PROVIDED ENTRIES:
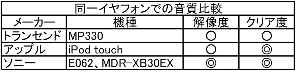 同一イヤフォンでの音質比較
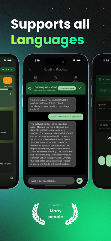 Apprenez l'espagnol, l'allemand, le français et plus encore. Maîtrisez plus de 30 langues en parlant.
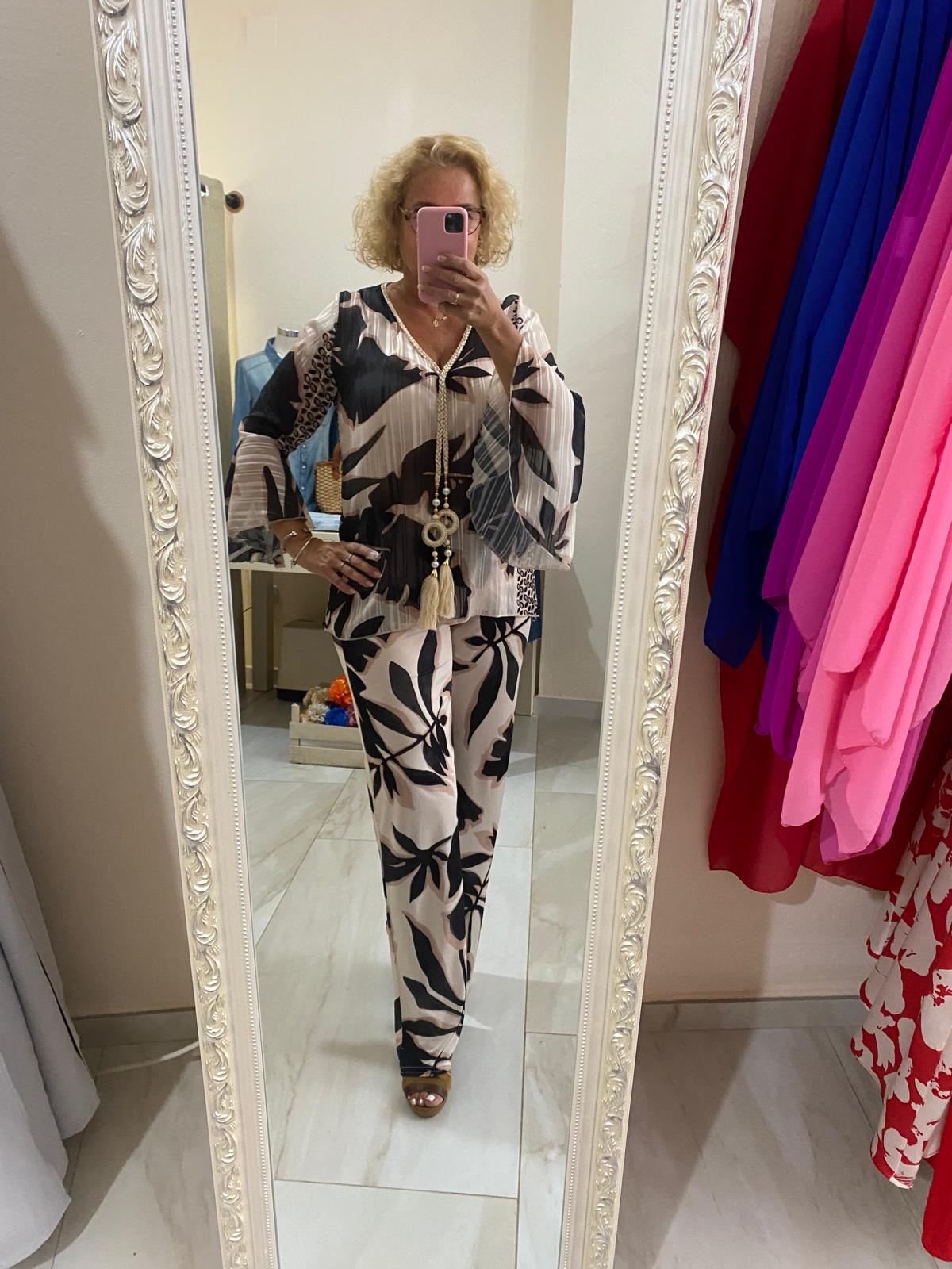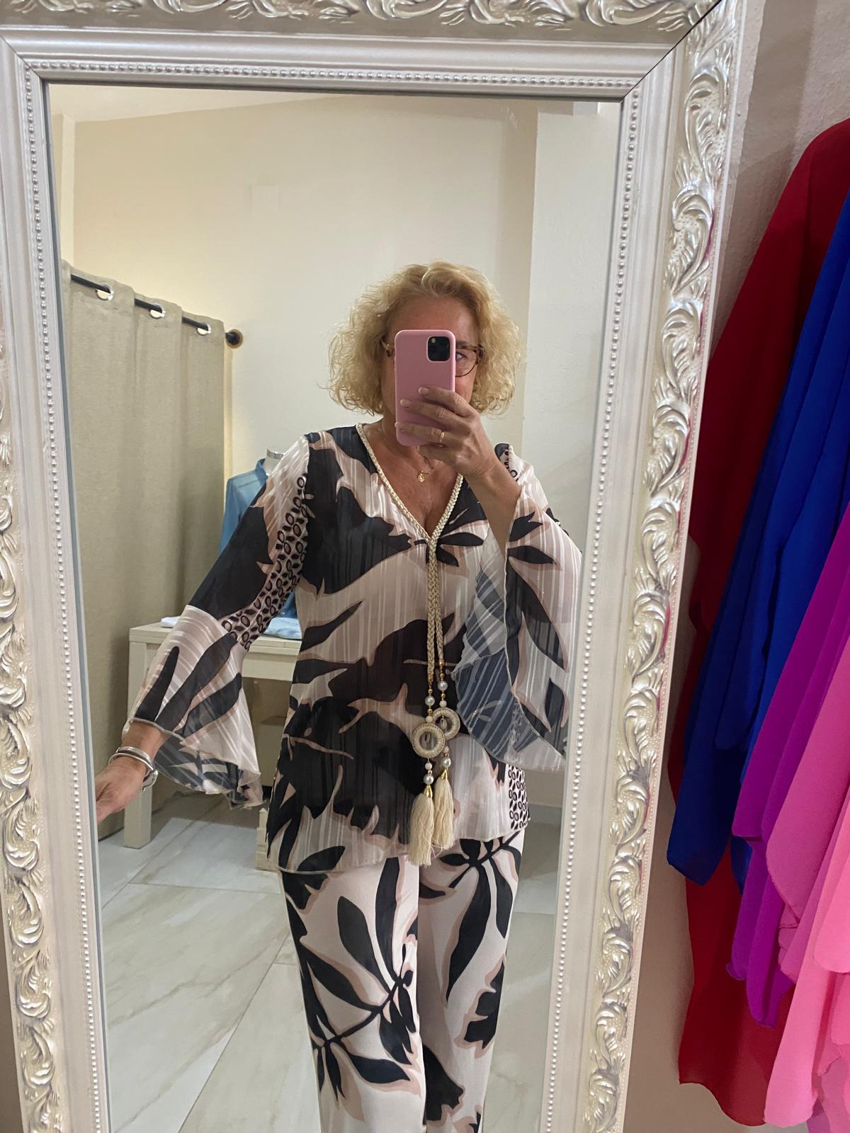 Conjunto de pantalón en punto de seda y blusa en  tejido de gasa. Talla única que da desde la talla 38 hasta la talla 44.
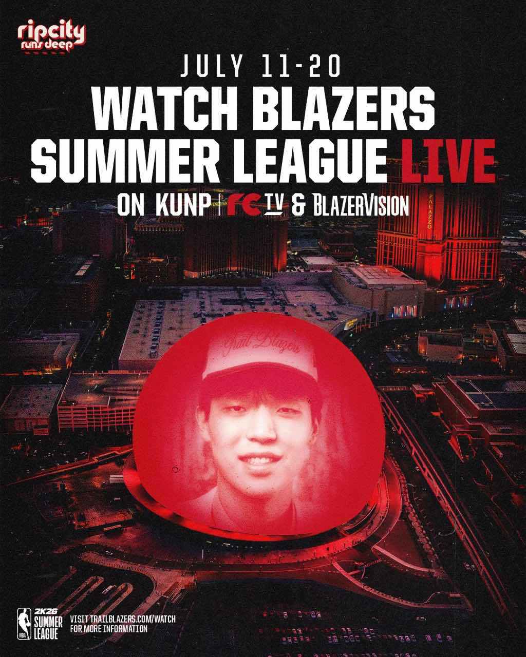雷速体育7月5日讯 今日,开拓者官方公布了拉斯维加斯夏季联赛名单,其中杨瀚森作为封面人物,出现在了拉斯维加斯标志性建筑Sphere上。
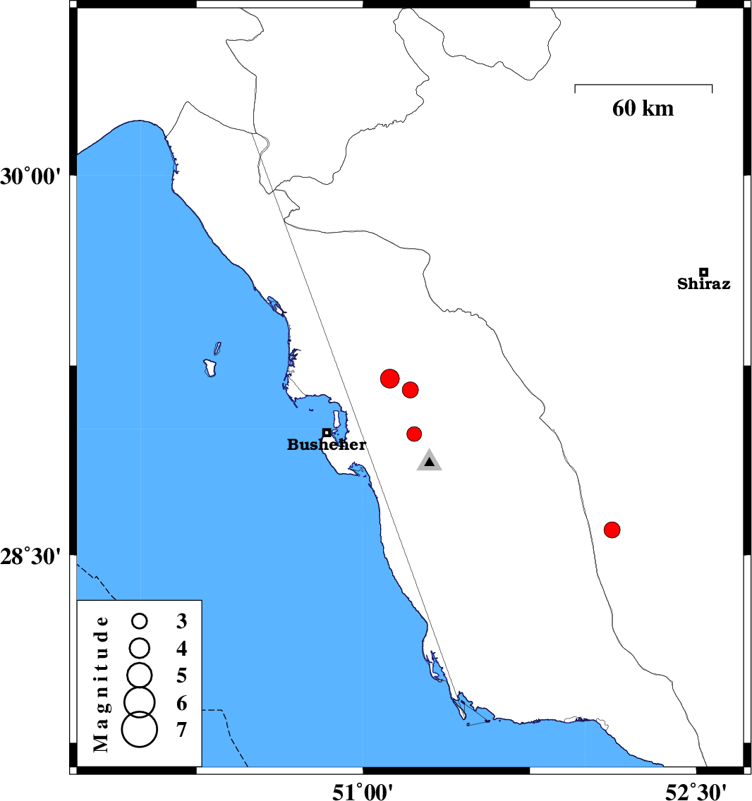 | 2020/06/28 | 00:34:48.6 | 05:04:48.6 | 28.98 | 51.23 | 10 | ML:3 | Bushehr Province, 12 km North of Ahram |
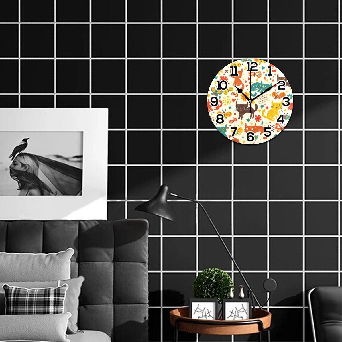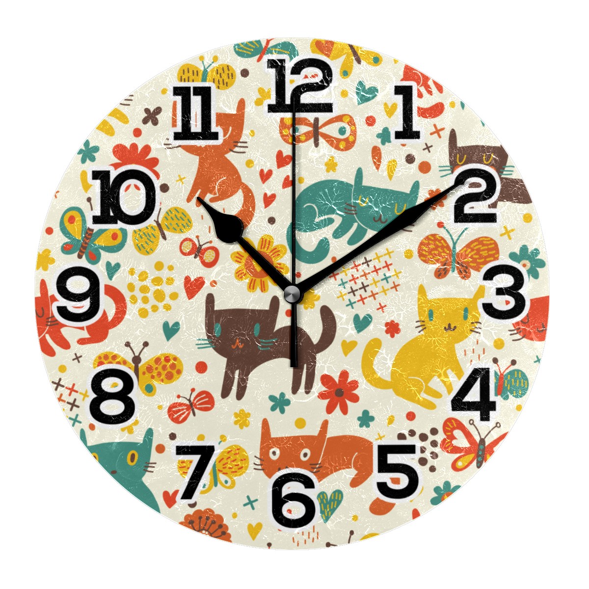Retro Cat Butterfly Flower Pattern Clock Wall Decor Acrylic Decorative Round Battery Operated Wall Clocks for Home Bedroom Living Room Decor Silent Non Ticking
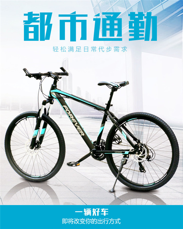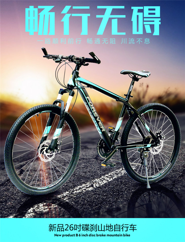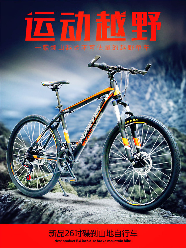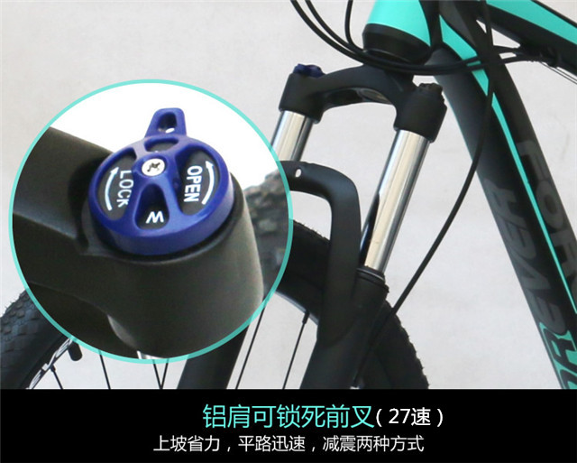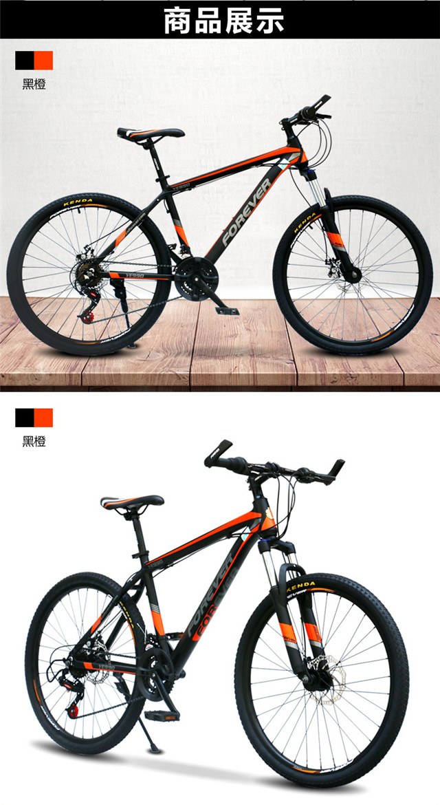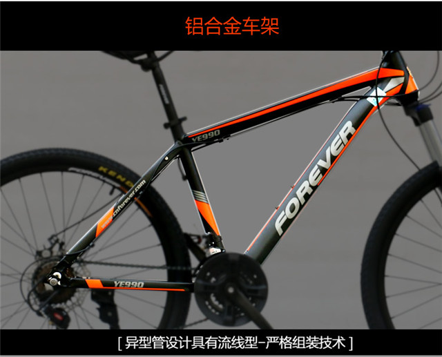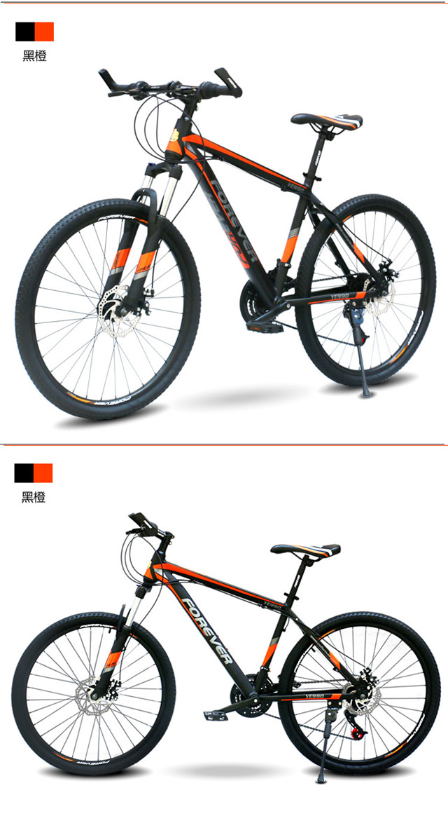 永久自行车26吋铝合金车架可锁死前叉双碟刹山地自行车YE990 27速黑橙色
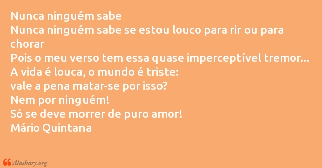 Nunca ninguém sabe se estou louco para rir ou para chorar

WHAT YOU NEED TO DO:
Go back to the line containing "雷速体育7月5日讯 今日,开" and output it and every line after it through the end of the records, exactly, but not the pictures.

FINISHED EXERCISE:
雷速体育7月5日讯 今日,开拓者官方公布了拉斯维加斯夏季联赛名单,其中杨瀚森作为封面人物,出现在了拉斯维加斯标志性建筑Sphere上。
 | 2020/06/28 | 00:34:48.6 | 05:04:48.6 | 28.98 | 51.23 | 10 | ML:3 | Bushehr Province, 12 km North of Ahram |
Retro Cat Butterfly Flower Pattern Clock Wall Decor Acrylic Decorative Round Battery Operated Wall Clocks for Home Bedroom Living Room Decor Silent Non Ticking
 永久自行车26吋铝合金车架可锁死前叉双碟刹山地自行车YE990 27速黑橙色
 Nunca ninguém sabe se estou louco para rir ou para chorar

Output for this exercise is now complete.